# Air Dried Walnut for Furniture/ Workbench Question



## Dan3 (Jan 19, 2013)

Hi All,

I'm new to woodworking so bare with me.

I bought some rough air dried walnut which was stored outside for well over a year. The 2 boards are 13 feet in length, 9 inches wide and 2.75 inches thick. I bought them for making a work bench top. I wanted a lighter color wood but this was the only dried thick lumber he had and the price was right. My question is since this wood was stored outside do I need to dry it inside before I use it for my bench? It looks like nice wood and I will have a lot of extra when I'm done so would I be able to also use this for furniture even though it was dried in this manor? The wood seems to be very striahgt, but it's just a little damp.Any thoughts?

Thanks,
Dan


----------



## Melanie (Jan 18, 2013)

Your wood needs to be acclimated to the environment that it will be kept in. Do you have a wood moisture sensor? On the low end they can be purchased for as little as $30. on up to hundreds. The wood might look dry but there is nothing worst that spending time working on a piece that looks beautiful at first until the moisture leaves & along with it makes vacant gaps in the wood.


----------



## JGM0658 (Aug 16, 2011)

Jeeez men, buy some pine to make your bench and save the walnut for something better. Those are some awesome boards, why waste them on something that is going to get nicked, scratched, etc? If you plan to use your bench for wood work, buy some cheap wood, if you plan it to be for show, then go buy some maple as well so it makes contrast with your walnut… ;-)


----------



## MedicKen (Dec 2, 2008)

I agree with Melanie, it needs to acclimate. Also be prepared for some movement when milling the lumber. When you first cut it, cut it over size by about 1/2" to allow for movement. There is a good possibility that when milled you will release tension in the lumber and it will warp, twist etc. I would also let the boards sit for a few days after the initial milling to allow for more acclimation.


----------



## BrandonW (Apr 27, 2010)

If it's only been air drying for a year, it probably isn't dry enough. As a general rule, you want it to air dry one year for every inch of thickness. Of course, the moister meter will either confirm or deny this.

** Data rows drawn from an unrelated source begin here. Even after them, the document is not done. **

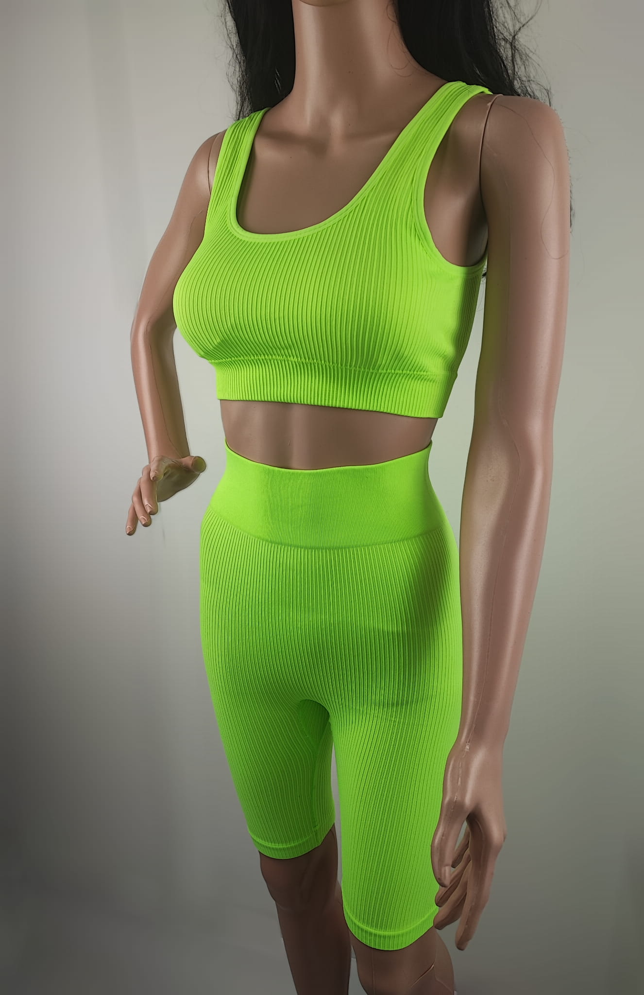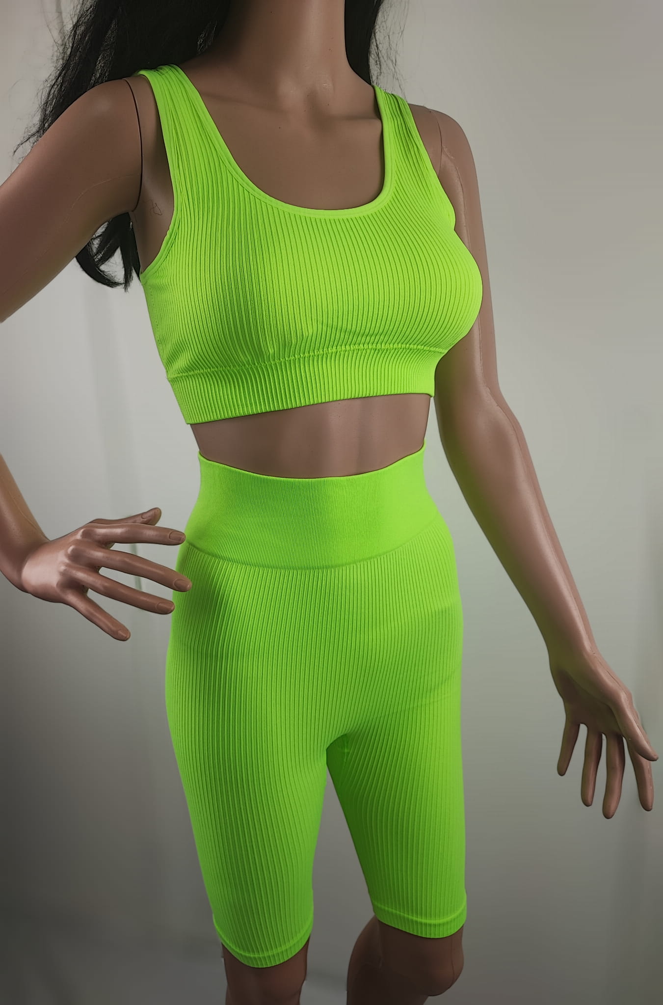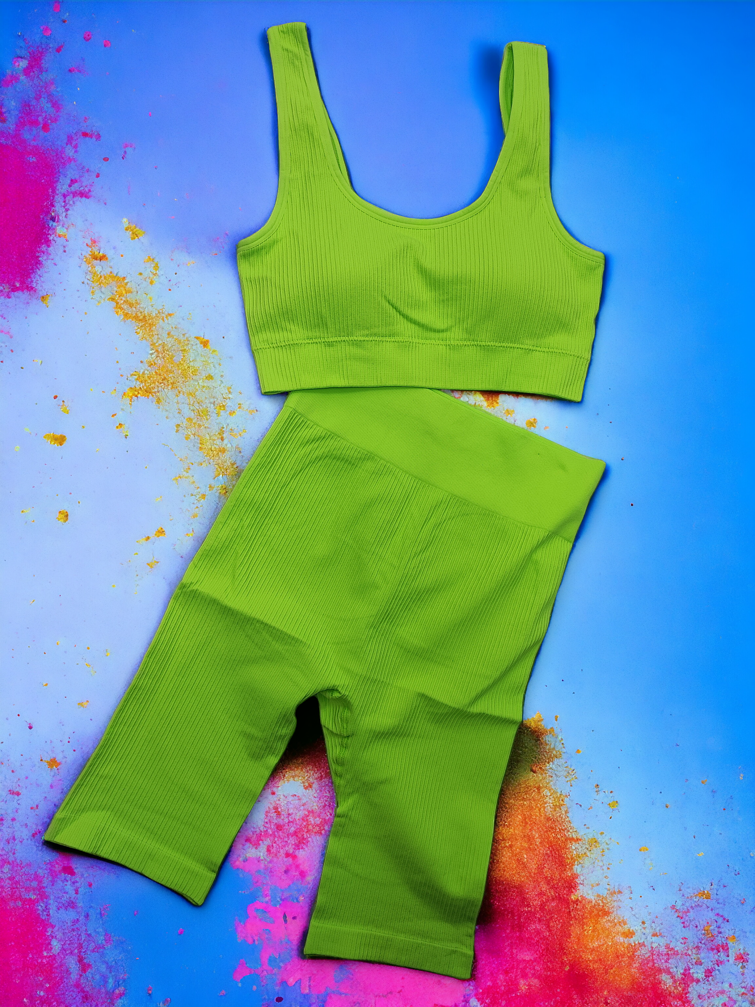 Seledynowy prążkowany komplet: top + legginsy typu kolarki
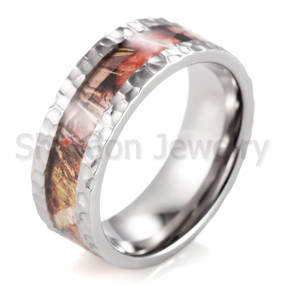 Us 15 98 Hammered Titanium Camo Wedding Ring Hunting Titanium Wedding Band Ring With Hammered Finish Ring For Men In Rings From Jewelry
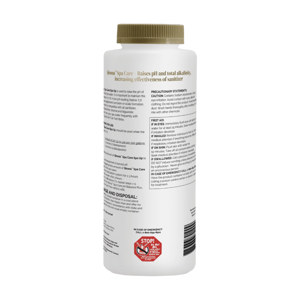 Make sure your spa water remains as safe and healthy as can be with Sirona™ Spa Up. The granular formula of our spa alkalinity increaser raises the pH and total alkalinity levels in hot water to increase the effectiveness of your sanitizer as well as reduce the chance of equipment corrosion.
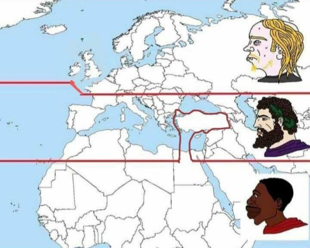 Look at the image I posted again. It shows Iraq in it in the middle as the chad. Because once they were before Arabs ans Islam fucked the near east up forever.
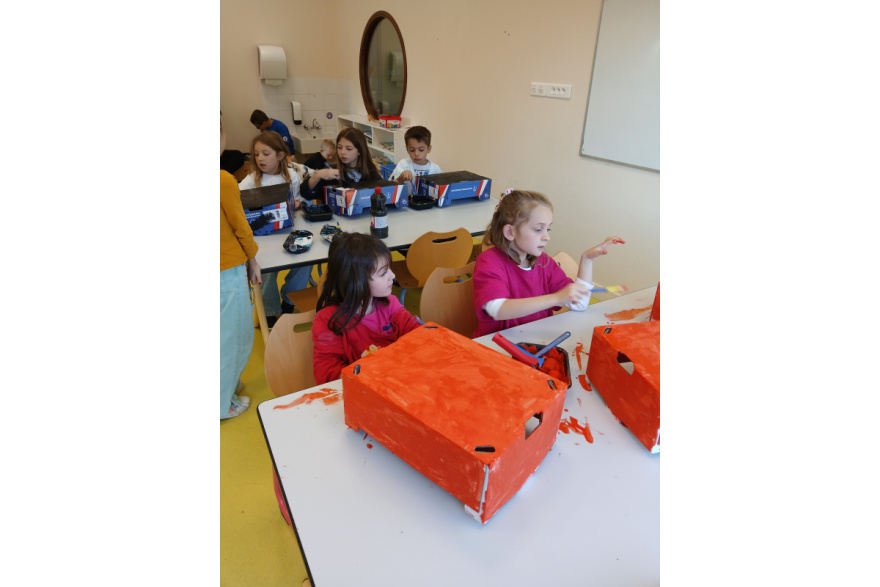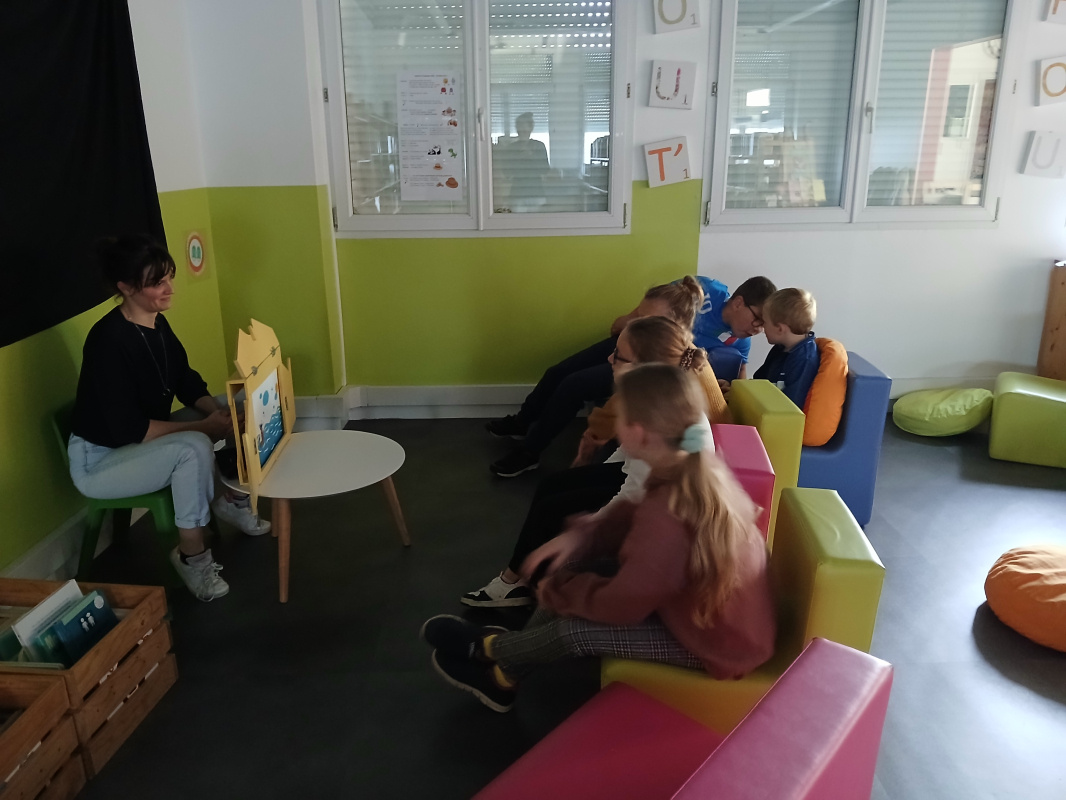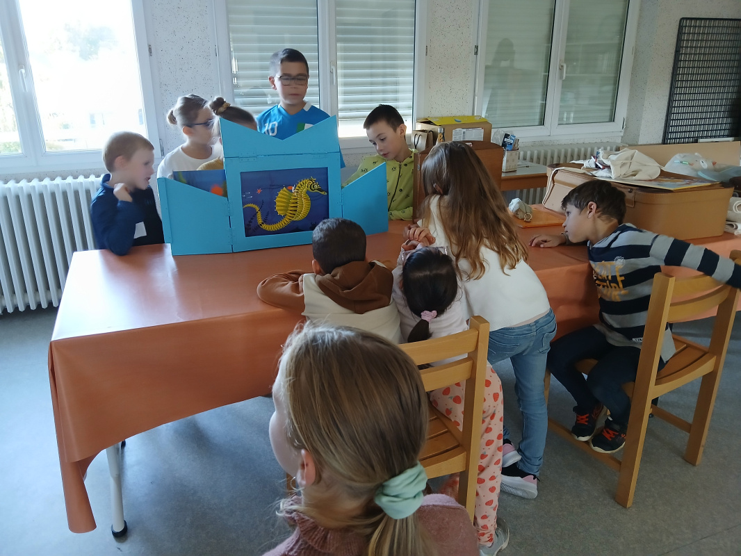 - durant les vacances d'automne : en collaboration avec Anne Laure et Pierrette de la mediathèque les enfants ont appris à utiliser un kamishibai, participer à la décoration de la mediathèque (avec nos marionnettes) et ont assisté à un spectacle (dans le cadre du festival puppazzi)
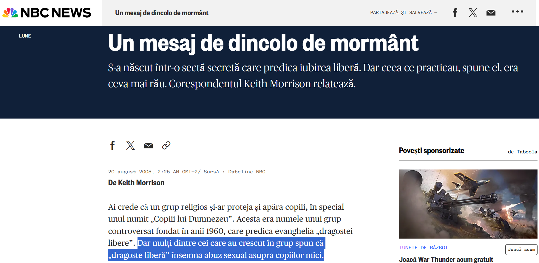 Articolul cu pricina a prezentat doctrina si modul de viata al sectei internationale "Copiii lui Dumnezeu" sau "Familia". In urma anchetei jurnalistice am reusit sa descoperim o celula a acestei secte in localitatea Agigea.
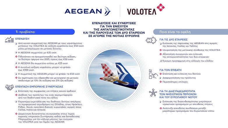 -την άμεση συμμετοχή της AEGEAN με 25 εκατομμύρια ευρώ, σε αύξηση κεφαλαίου, μαζί με τους υφιστάμενους μετόχους της Volotea με δάνειο μετατρέψιμο σε μετοχές συνολικού ύψους έως 50 εκατ. ευρώ. Στόχος η ενίσχυση της αναπτυξιακής δυναμικής της Volotea. H συμφωνία προβλέπει, και τη δυνατότητα, υπό προϋποθέσεις, μια δεύτερης δόσης στην αύξηση κεφαλαίου της Volotea, και πάλι με μετατρέψιμο δάνειο, κατά το 1ο εξάμηνο του 2025, για ακόμη, έως 50 εκατ. ευρώ, και πάλι από κοινού με τους υφιστάμενους μετόχους της Volotea, στην οποία εφόσον λάβει χώρα θα συμμετέχει και η AEGEAN με 25 επιπλέον εκατομμύρια. To σύνολο των αυξήσεων κεφαλαίου με το μετατρέψιμο δάνειο μπορεί τελικά να φτάσει έως τις 30/6/2026 στα 100 εκατ. για την VOLOTEA στα oποία η AEGEAN θα έχει συμβάλει συνολικά 50 εκατ.ευρώ.
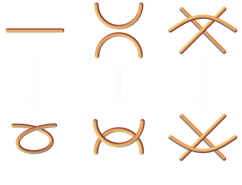 The trefoil knot is the simplest knot that’s not the unknot. The trefoil to the right has been colored in a strange but useful way. Consider maneuvers we make when trying to untangle a knot. If we lay a knot on a table as we work to untangle, we might note that the things we’re doing are essentially combinations of three types of moves: adding or removing twists from a strand, overlapping or un-overlapping two strands, and moving a strand from one side of a crossing to another. These three maneuvers are called Reidemeister moves and if you can maneuver one knot into another, you can do it using only these three moves.
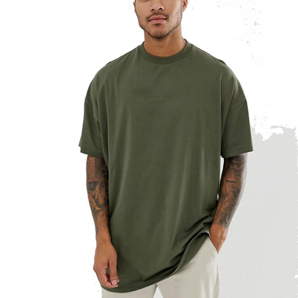 Camiseta de hombro caído de gran tamaño para hombre con estampado personalizado de alta calidad Jersey ropa de calle de algodón largo sólido cuello redondo peso pesado largo

So if you need a bench now, perhaps Jorge is right. I personally prefer benches made of hardwood over pine, but there are many nice benches made of SYP that function perfectly fine.


----------



## JesseTutt (Aug 15, 2012)

The wood is probably not dry enough. If there is a board you could cut about a foot off of and then use a moister meter on the center of the fresh cut that would give you a useful reading. You want 6-8% moister.

I agree with Jorge, save the walnut. Buy some dense heavy pine 2x?? and mill them down and glue them so that the 2" edge is up. This will form a thick workbench top and you have the more valuable walnut for projects.


----------



## shampeon (Jun 3, 2012)

Just to be clear here, when you bought the wood, was it air-dried, and then you stored it for a year outside? Or did the sawyer say that he had air-dried it for a year when you bought it?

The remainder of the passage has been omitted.